Whole School Programmes
S.P.E.A.K.
Speaking for Personal Empowerment and Articulation of Knowledge. Our whole-school oracy framework, built for Telugu-speaking learners of English as an Additional Language.
The promise
Every child finds their voice — in two languages.
Most oracy frameworks assume children already speak English fluently. Ours doesn’t. S.P.E.A.K. starts with EAL foundations, layers on Voice 21’s skills framework, and gives every child authentic reasons to speak.
The architecture
Three strands. One programme.
Each strand answers a different question — and together they cover all 140 teaching points across the primary years.
EAL Foundations
What our children need before oracy instruction can land. Listening comprehension, phonological awareness, formulaic chunks, academic language (CALP), translanguaging — 8 sub-skills, taught across 5 stages from immersion to autonomous transfer.
Learning to Speak
How to speak well. Voice 21’s Oracy Framework — 14 sub-skills across Physical, Linguistic, Cognitive, and Social-Emotional strands — adapted explicitly for EAL learners. Modeled → Drilled → Guided → Collaborative → Applied.
Speaking to Communicate
Why and where to speak. Three Voices — Thinking, Personal, Public — carry six authentic purposes across five speaking modes. The Voices of Cosmos student-voice routines (Voice Circles, Forums, Co-Design Teams) are where this lands for real — children practise oracy in conversations that genuinely shape the school.
The Three Voices
Every child has three voices.
Each Voice gives purpose to talk, and each comes in two flavours.
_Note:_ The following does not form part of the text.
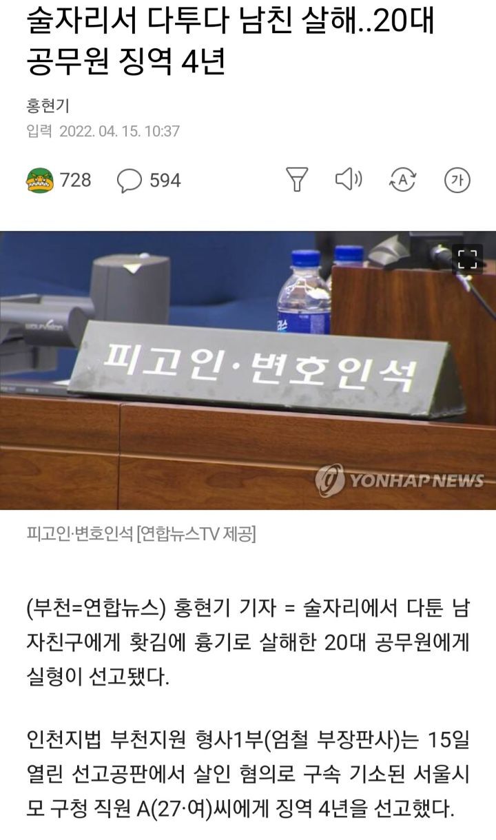 술자리서 싸우다 남친 살해한 20대 공무원 징역 4년

Children practise all six across every subject, every assembly, every conversation in the corridor.
Thinking Voice
The talk that drives cognitive growth — half-formed and tentative on purpose.
Explore
Hypothesise, wonder, reason aloud.
Inquire
Ask, probe, investigate.
Personal Voice
The talk that makes a community — identity, relationships, belonging.
Share
Present knowledge and experiences.
Connect
Greet, encourage, support.
Public Voice
The talk that moves people — beyond the classroom, into the world. Practised at scale through the Cosmos Orators Club, House Forums, and Student Council, where what children say genuinely shapes what the school does.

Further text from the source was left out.